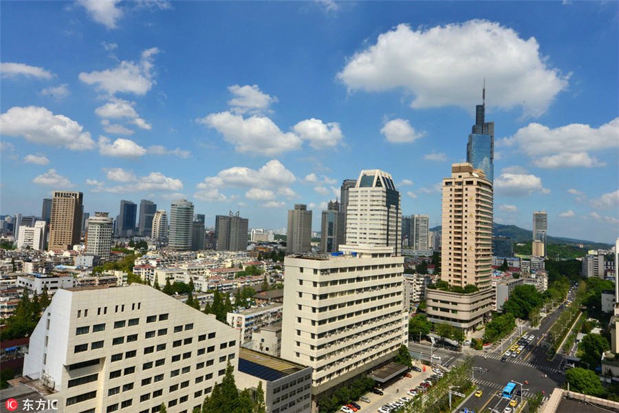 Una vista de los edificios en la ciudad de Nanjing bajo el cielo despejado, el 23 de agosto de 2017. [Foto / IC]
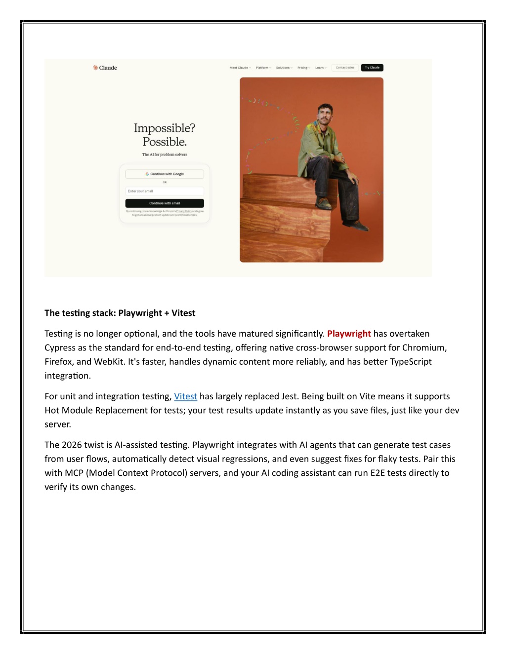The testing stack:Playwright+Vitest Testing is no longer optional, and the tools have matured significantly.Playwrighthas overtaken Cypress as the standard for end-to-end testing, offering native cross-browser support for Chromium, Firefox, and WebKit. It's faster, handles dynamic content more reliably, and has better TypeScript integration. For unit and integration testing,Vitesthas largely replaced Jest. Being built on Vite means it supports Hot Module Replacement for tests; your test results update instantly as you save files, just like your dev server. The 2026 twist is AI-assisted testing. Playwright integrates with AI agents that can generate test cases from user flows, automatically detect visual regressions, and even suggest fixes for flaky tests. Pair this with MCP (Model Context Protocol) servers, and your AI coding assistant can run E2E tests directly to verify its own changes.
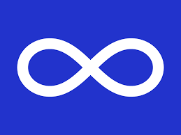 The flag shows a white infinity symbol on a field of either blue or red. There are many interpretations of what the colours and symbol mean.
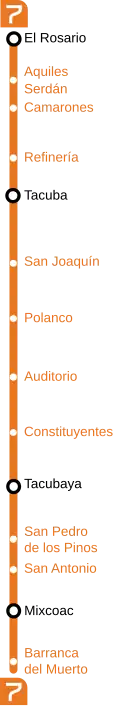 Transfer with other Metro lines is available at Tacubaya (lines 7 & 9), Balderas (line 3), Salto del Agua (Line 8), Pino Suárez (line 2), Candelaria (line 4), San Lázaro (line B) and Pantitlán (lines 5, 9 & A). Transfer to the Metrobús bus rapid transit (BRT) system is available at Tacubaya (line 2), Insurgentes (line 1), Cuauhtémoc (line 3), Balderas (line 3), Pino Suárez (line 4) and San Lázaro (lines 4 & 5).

────────────────

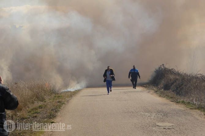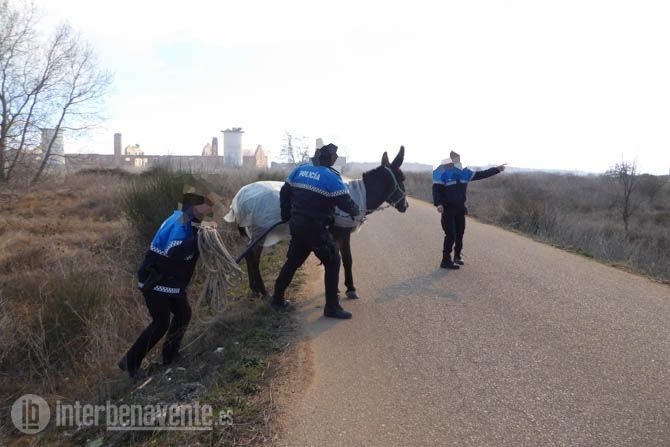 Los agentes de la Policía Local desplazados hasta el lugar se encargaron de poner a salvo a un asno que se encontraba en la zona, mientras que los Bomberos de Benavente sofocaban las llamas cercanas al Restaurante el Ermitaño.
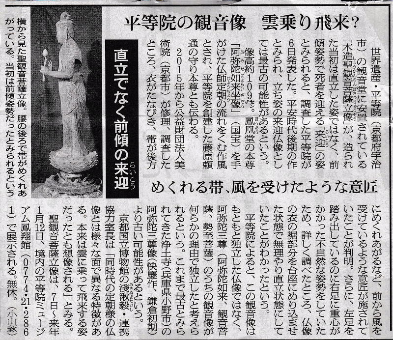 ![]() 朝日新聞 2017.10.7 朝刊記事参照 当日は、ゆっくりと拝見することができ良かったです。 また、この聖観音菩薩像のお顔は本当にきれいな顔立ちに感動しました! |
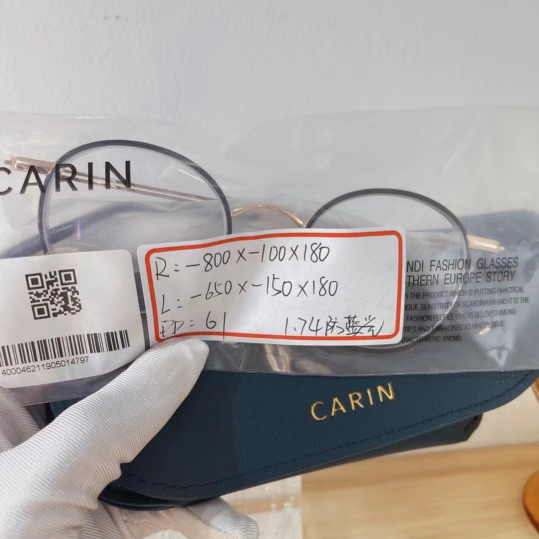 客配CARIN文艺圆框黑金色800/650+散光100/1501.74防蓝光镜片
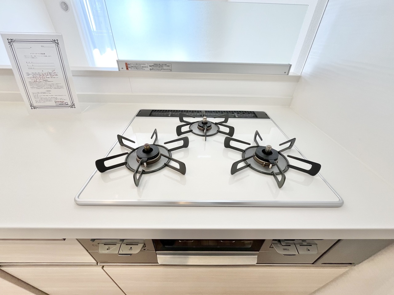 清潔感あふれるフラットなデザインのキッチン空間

────────────────

### [Exercise directions]
Above are records; repeat only the lines from the line with "Una vista de" through the line with "Transfer with other", and leave pictures out.

### [Solution for this problem]
 Una vista de los edificios en la ciudad de Nanjing bajo el cielo despejado, el 23 de agosto de 2017. [Foto / IC]
The testing stack:Playwright+Vitest Testing is no longer optional, and the tools have matured significantly.Playwrighthas overtaken Cypress as the standard for end-to-end testing, offering native cross-browser support for Chromium, Firefox, and WebKit. It's faster, handles dynamic content more reliably, and has better TypeScript integration. For unit and integration testing,Vitesthas largely replaced Jest. Being built on Vite means it supports Hot Module Replacement for tests; your test results update instantly as you save files, just like your dev server. The 2026 twist is AI-assisted testing. Playwright integrates with AI agents that can generate test cases from user flows, automatically detect visual regressions, and even suggest fixes for flaky tests. Pair this with MCP (Model Context Protocol) servers, and your AI coding assistant can run E2E tests directly to verify its own changes.
 The flag shows a white infinity symbol on a field of either blue or red. There are many interpretations of what the colours and symbol mean.
 Transfer with other Metro lines is available at Tacubaya (lines 7 & 9), Balderas (line 3), Salto del Agua (Line 8), Pino Suárez (line 2), Candelaria (line 4), San Lázaro (line B) and Pantitlán (lines 5, 9 & A). Transfer to the Metrobús bus rapid transit (BRT) system is available at Tacubaya (line 2), Insurgentes (line 1), Cuauhtémoc (line 3), Balderas (line 3), Pino Suárez (line 4) and San Lázaro (lines 4 & 5).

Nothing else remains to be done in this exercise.